Legislators have little time to agree on scholarship bill

Friday, April 28, 2006 | 12:00 a.m. CDT; updated 4:10 a.m. CDT, Tuesday, July 22, 2008

JEFFERSON CITY — A proposal to cap state funding for colleges and universities at 2002 fiscal year levels is still a possibility, even as the legislature enters its last two weeks of the session.

On Thursday, the Senate passed a stripped-down version of an approved House bill to establish a scholarship program. Another provision of the bill would keep the amount of state assistance to Missouri colleges and universities at 2002 levels. The bill seeks to cap appropriations until state scholarships are fully funded.

But, the Senate passed only part of the original House bill — the provision to establish and fund a new scholarship program.

Sen. Chuck Graham, D-Columbia, thanked Charlie Shields, the Republican Floor Leader from St. Joseph, for removing the caps.

“We’re just busy supporting your good work in stripping out all the very, very bad things that were in the original bill,” Graham said to Shields on the Senate floor Thursday.

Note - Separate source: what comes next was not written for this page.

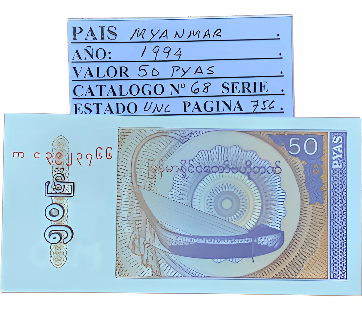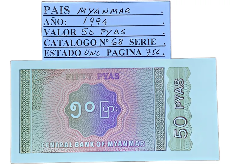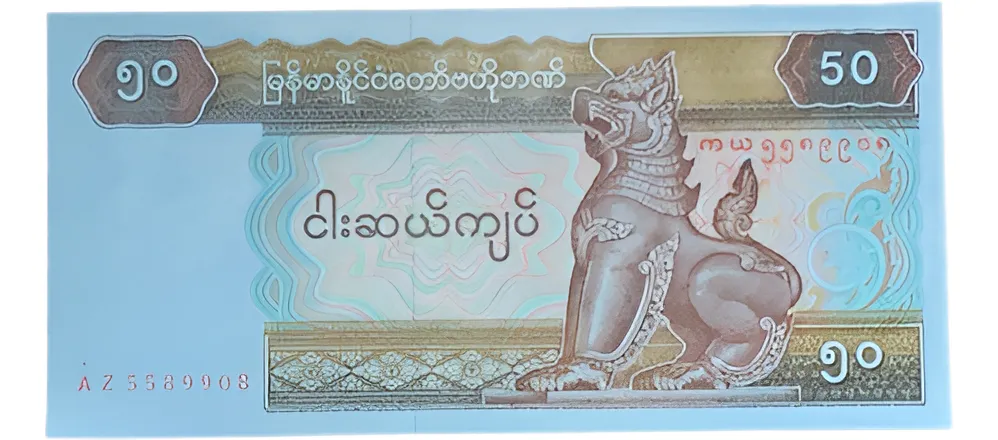 Billete sin circular de 50 kyats emitido en Myanmar en 1994, destaca por el león Chinthe sentado en el anverso, representando la protección y poder nacional. La serie refleja la transición de la economÃa birmana en la década de los noventa, y es apreciada por su iconografÃa y conservación.-sin circular
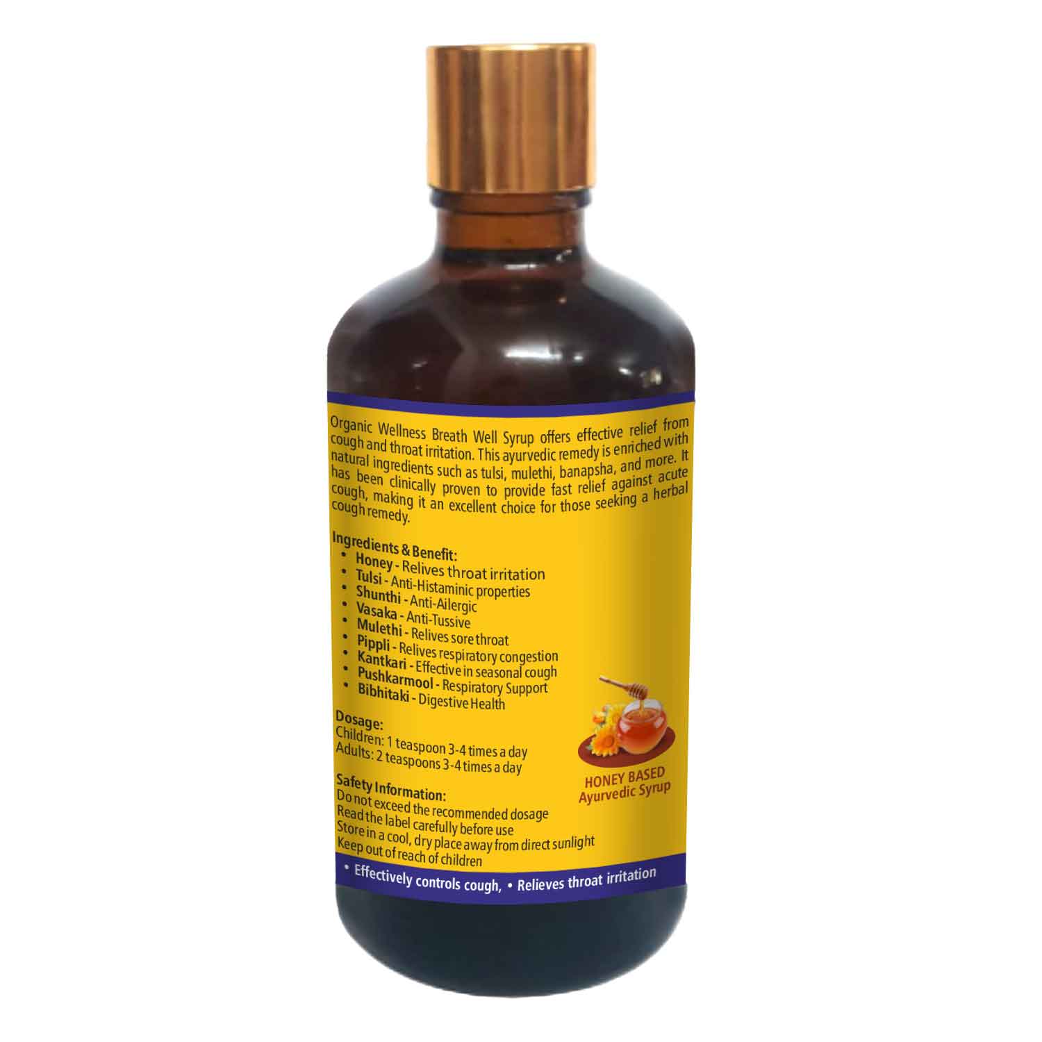 Organic Wellness Breath Well Syrup offers effective relief from cough and throat irritation. This ayurvedic remedy is enriched with natural ingredients such as tulsi, mulethi, banapsha, and more. It has been clinically proven to provide fast relief against acute cough, making it an excellent choice for those seeking a herbal cough remedy.

Carl Bearden, Speaker Pro Tem of the House and the original bill’s sponsor, said the bill passed by the Senate is unacceptable, and the two sides will need to work together on a compromise.

“My main focus in this whole thing has been focusing on the students. The bill that they passed does not do that,” said Bearden, R-St. Charles. “Right now we have probably 20,000 students at least not getting those scholarships because we’re not funding them.”

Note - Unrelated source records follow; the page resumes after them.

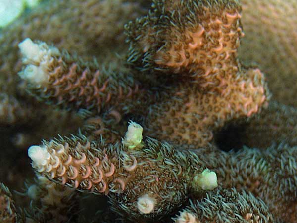 pocillopora pigment slowly migrates through the coral
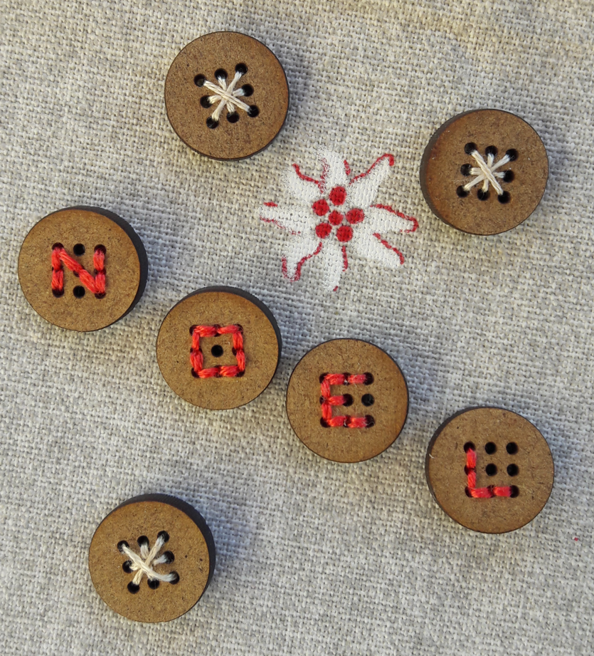 Lot de 5 mini bouton à broder, Carré, Rond, Coeur, Fleur, Hexagone +/- 15 x 15 mm, mdf nature
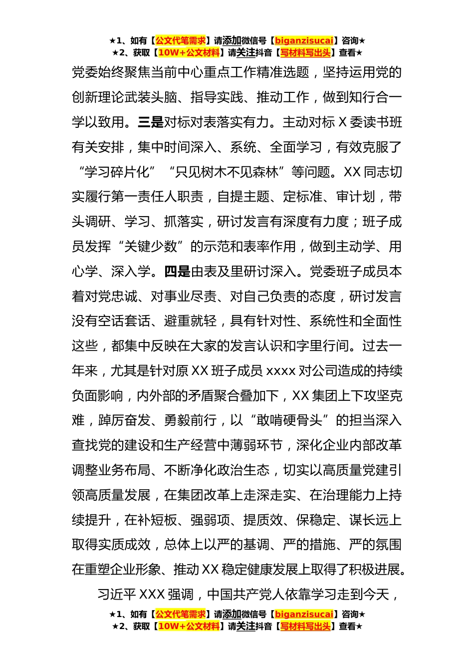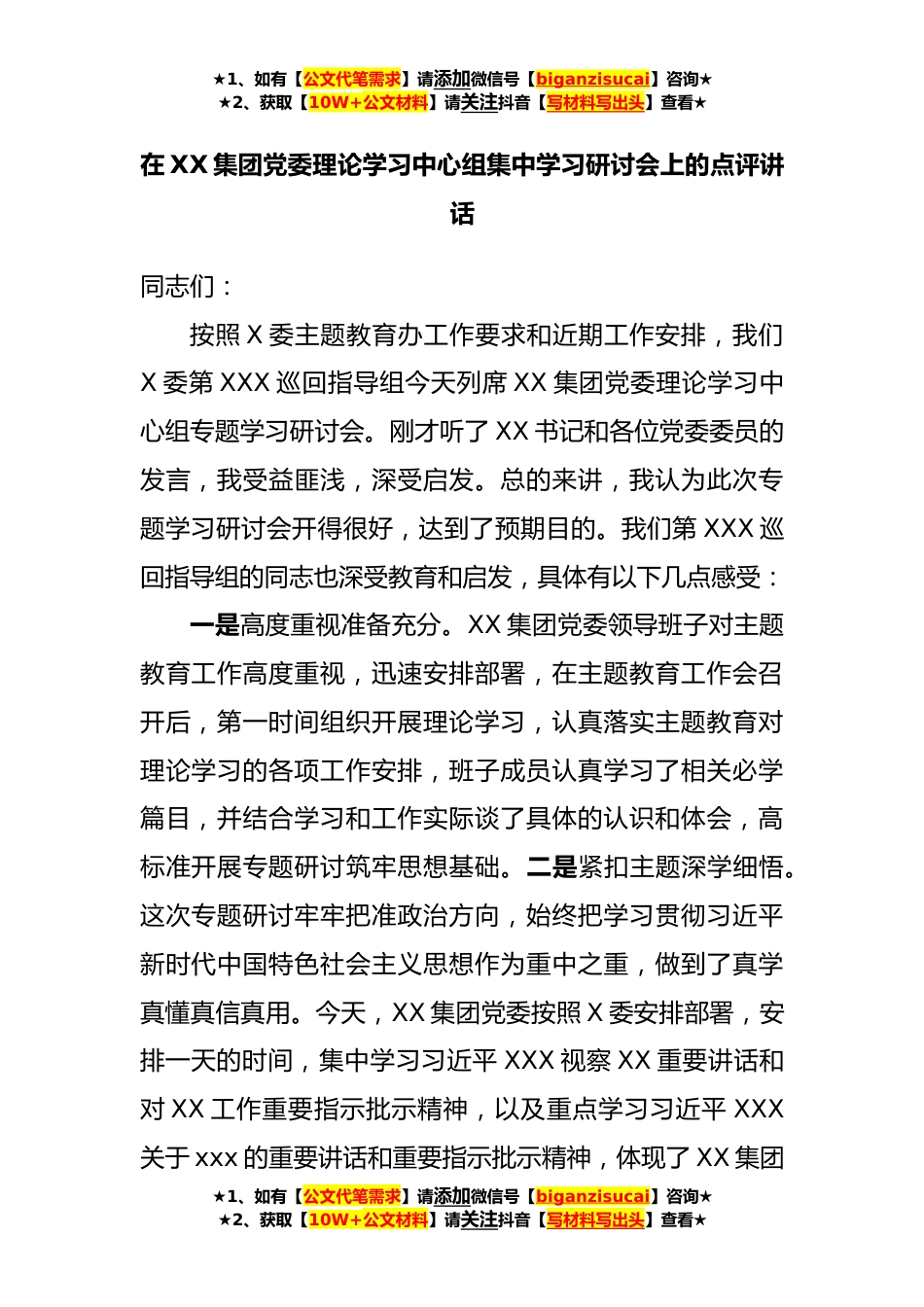 ★1、如有【公文代笔需求】请添加微信号【biganzisucai】咨询★★2、获取【10W+公文材料】请关注抖音【写材料写出头】查看★在XX集团党委理论学习中心组集中学习研讨会上的点评讲话同志们:按照X委主题教育办工作要求和近期工作安排,我们X委第XXX巡回指导组今天列席XX集团党委理论学习中心组专题学习研讨会。刚才听了XX书记和各位党委委员的发言,我受益匪浅,深受启发。总的来讲,我认为此次专题学习研讨会开得很好,达到了预期目的。我们第XXX巡回指导组的同志也深受教育和启发,具体有以下几点感受:一是高度重视准备充分。XX集团党委领导班子对主题教育工作高度重视,迅速安排部署,在主题教育工作会召开后,第一时间组织开展理论学习,认真落实主题教育对理论学习的各项工作安排,班子成员认真学习了相关必...

Higher education funding is currently at a level lower than the 2002 rate. Once the institutions meet the level they were at in 2002, future increases would be capped at 2.5 percent under the provisions in the bill.

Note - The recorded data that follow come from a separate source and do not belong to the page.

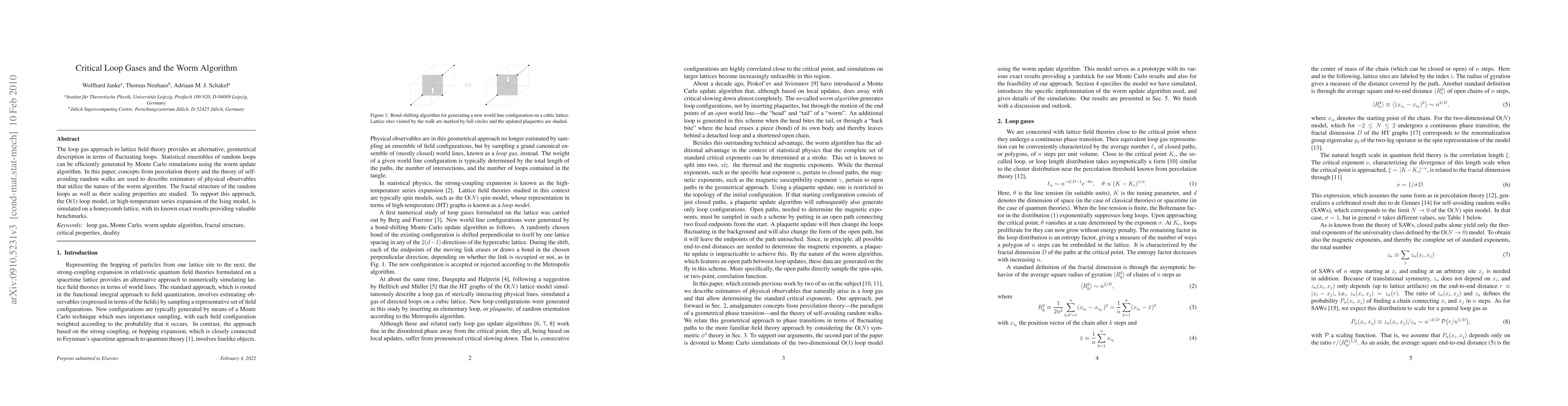This paper explores the loop gas approach in lattice field theory using the worm algorithm for efficient Monte Carlo simulations, employing concepts from percolation theory and self-avoiding random walks to analyze the fractal structure and scaling properties of random loops. Simulations of the O(1) loop model on a honeycomb lattice provide benchmarks for validating the approach.
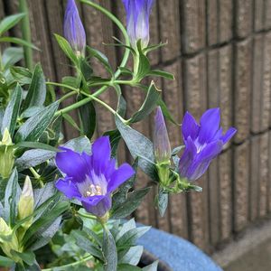 猛暑の間 日陰にずっとあったので細く伸びきったリンドウ(竜胆)が3段支柱リングに支えられて咲き始めました✨ 花は晴天の時だけ開きます。 リンドウ科 リンドウ属 花期 9〜11月
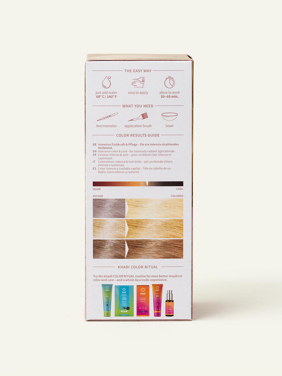 khadi Rubio Claro es ideal para la coloración permanente y restaura la vitalidad de tu cabello de forma natural. El resultado final depende de tu color natural original.

The scholarship program established by the bill seeks to give $1,000 to each freshman attending a private or public higher education institution in Missouri. In order to qualify, students must have attended a Missouri high school for at least three years and achieved a 2.5 grade point average. The program would end in 2009 and is expected to cost the state $20 million over a two-year period.

Bearden said the Senate must agree on a bill closer to his original proposal in order to gain House support to appropriate profits from the sale of student loans.

“They are joined at the heart. We have a student component and a capital component,” Bearden said. “One can’t survive without the other.”

House Speaker Rod Jetton, R-Marble Hill, said he agreed that the appropriations and scholarship bills are intimately linked. The House, Senate and governor’s office have differing priorities for how the state should spend the $450 million expected from the sale of student loans by the Missouri Higher Education Loan Authority, he said.

“It’s not so much that there’s two separate bills,” Jetton said. “It’s just that the concepts of what we wanted to do — whether it’s scholarships, health care or capital improvements — we couldn’t all do in one bill.”

The Senate and the House will have to compromise on the House scholarship bill before May 5, which is the constitutional deadline for the General Assembly to have appropriation legislation passed.

Four senators voted against the Senate version of the scholarship bill.

“I have a very fundamental concern about our ability to continue to finance programs like this,” said Sen. Matt Bartle, R-Lee’s Summit, who voted against the bill.